Similarly, the top edges of webs 221 and 222, which laterally delimit grooves 2141 and 2142 of housing parts 211 and 212 of second housing 210, have molded-in grooves 223 on first housing part 211. Springs 224, which fit into molded-in grooves 223, are molded onto the complementary second housing part 212. Webs 221 and 222 thus form tongue-and-groove connections with one another when housing parts 211 and 212 are joined together. This allows particularly simple and accurately fitting assembly of housing parts 211 and 212 and precise, stable formation of receiving channels 113 of second housing 210.
FIGS. 6 and 7 each illustrate sectional views of the fastening of plug contacts 500 in first plug connector part 100. FIG. 6 shows a cross-section of a receiving channel 113 in first housing 110. First plug connector part 100 is inserted a certain distance into second plug connector part 200, but is not completely connected to the second plug connector part. From the free end-face side of first plug connector part 100, a plug contact 500 with an attached connecting line 130 is inserted into receiving channel 113. However, plug contact 500 has not yet reached its intended installation position within first plug connector part 100.
Plug contact 500 is illustrated here as a push-on sleeve, for example. The push-on sleeve 500 may be manufactured as a one-piece stamped/bent part that forms a box-shaped sleeve body 502. A complementary pin-shaped plug contact (not shown), held by second plug connector part 200, may be inserted into sleeve body 502. A line connection section 503 to which connecting line 130 is fastened by crimping is connected in one piece to sleeve body 502.
It is apparent that sleeve body 502 of plug contact 500 is relatively extended in the radial direction compared to line connection section 503 and compared to a transition area 504 between sleeve body 502 and line connection section 503. Spring tongue 116, which is integrally formed onto second housing part 112 of first housing 110 of first plug connector part 100, has an integrally formed tab-like section 119. Tab-like section 119 of spring tongue 116 extends into receiving channel 113. A locking cam 115 is integrally formed onto the outer side of spring tongue 116.

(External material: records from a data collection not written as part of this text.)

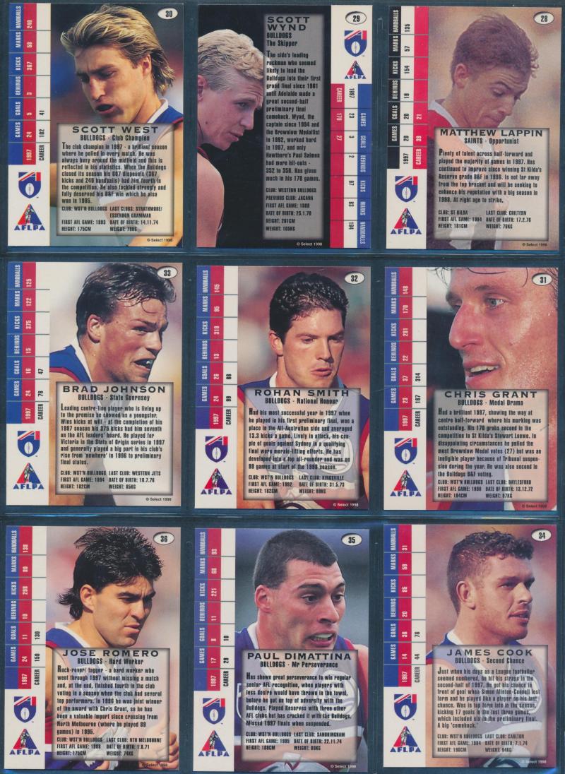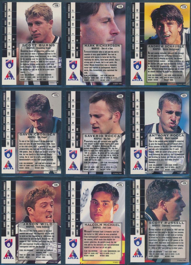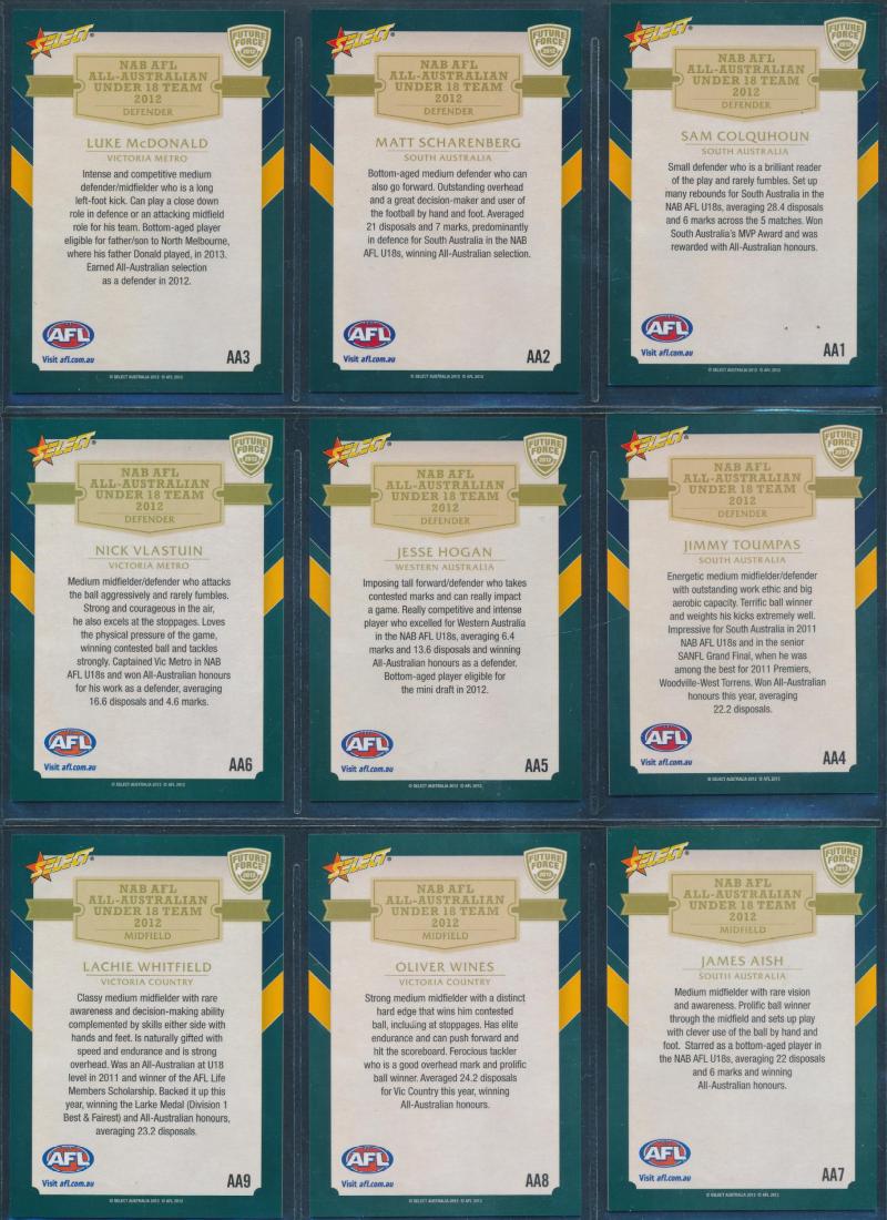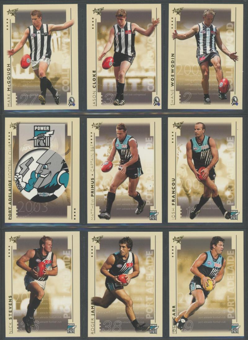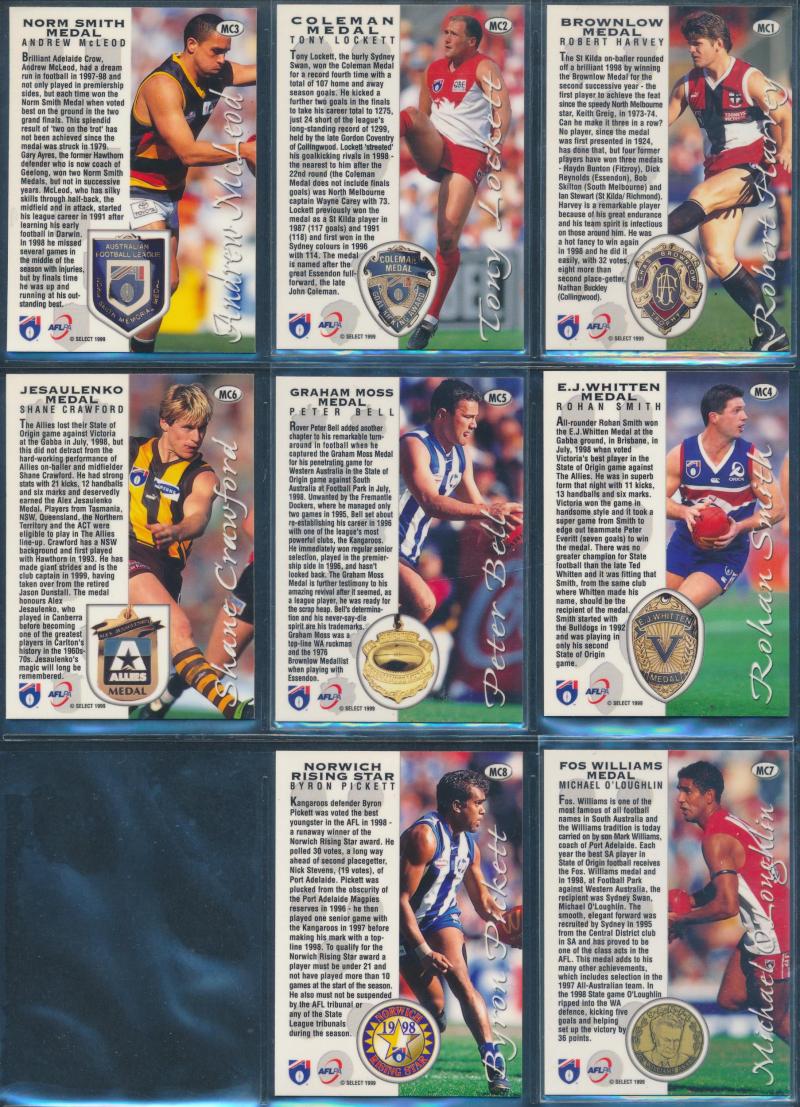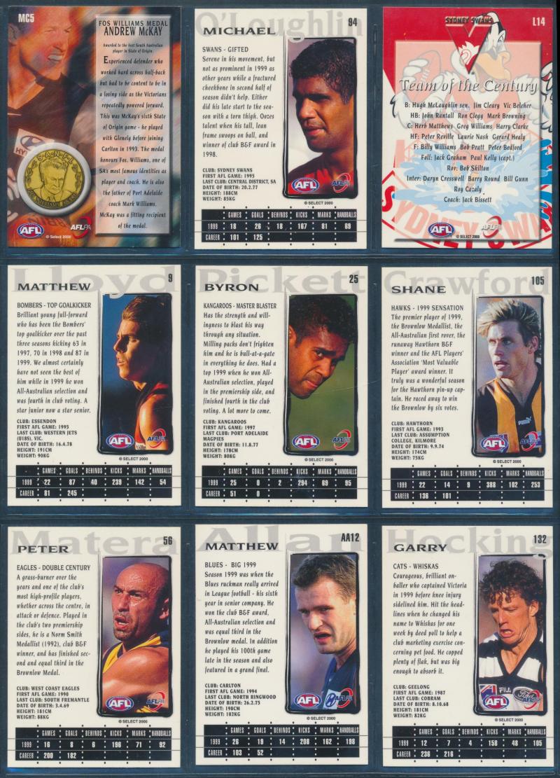 Select 'All Australian' [22]; 1998 Deetya 'Deadly Vibe' (indigenous players) [22]; 2001 Select 'All Australian' [22]; 2002 Select 'All Australian' [22] & 'Tribute Cards' [4], mainly fine/Very Fine.
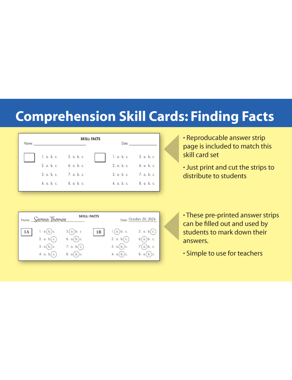 FREE! Finding The Facts - Comprehension Skill Cards - Passages - Activities
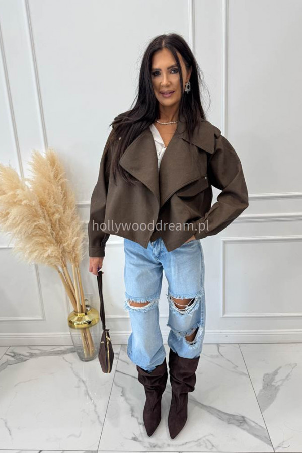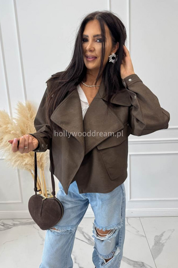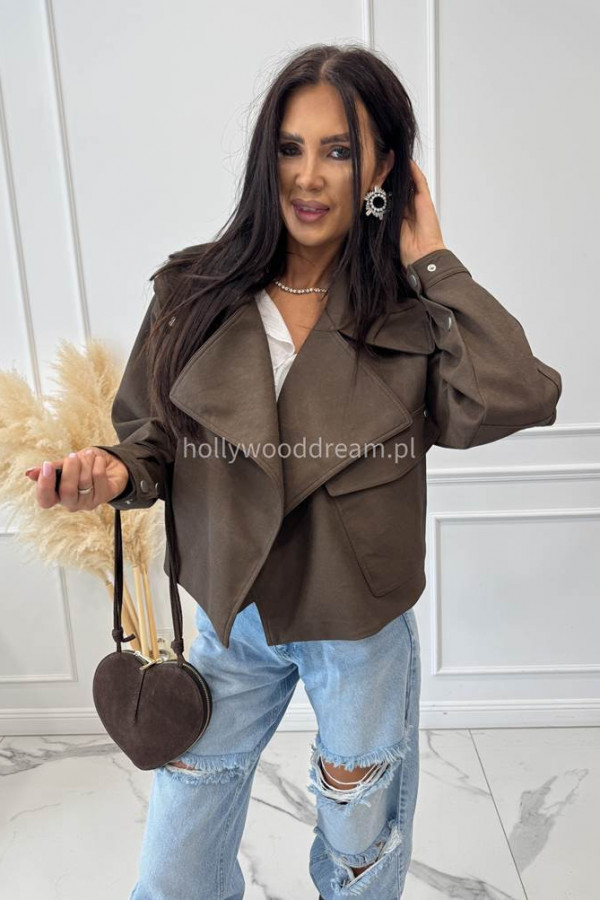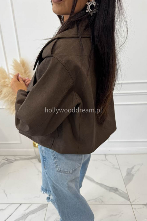 - Kurtka oversize skórzana matowa czekoladowa SELLA

Plug contact 500, which is not yet completely inserted into receiving channel 113, presses with its sleeve body 502 from the interior of first housing 110 of first plug connector part 100 against tab-like section 119 of spring tongue 116. The pressing of sleeve body 502 of plug contact 500 against tab-like section 119 of spring tongue 116 pushes spring tongue 116 out of its neutral position.
As a result, locking cam 115, formed on the outer side of spring tongue 116, rises above the level of outer surface 118 of first housing 110 of first plug connector part 100. It is apparent in FIG. 6 that locking cam 115 protruding from first housing 110 blocks further joining of plug connector parts 100 and 200.
FIG. 7 shows a plug contact 500 that is completely inserted into first housing 110 of first plug connector part 100. Plug contact 500 on its sleeve body 502 has a protruding elastic element, denoted as a lance 501. In the end position of plug contact 500, lance 501 engages with a projection 117 of receiving channel 113, thus providing primary securing of the plug contact 500 within receiving channel 113.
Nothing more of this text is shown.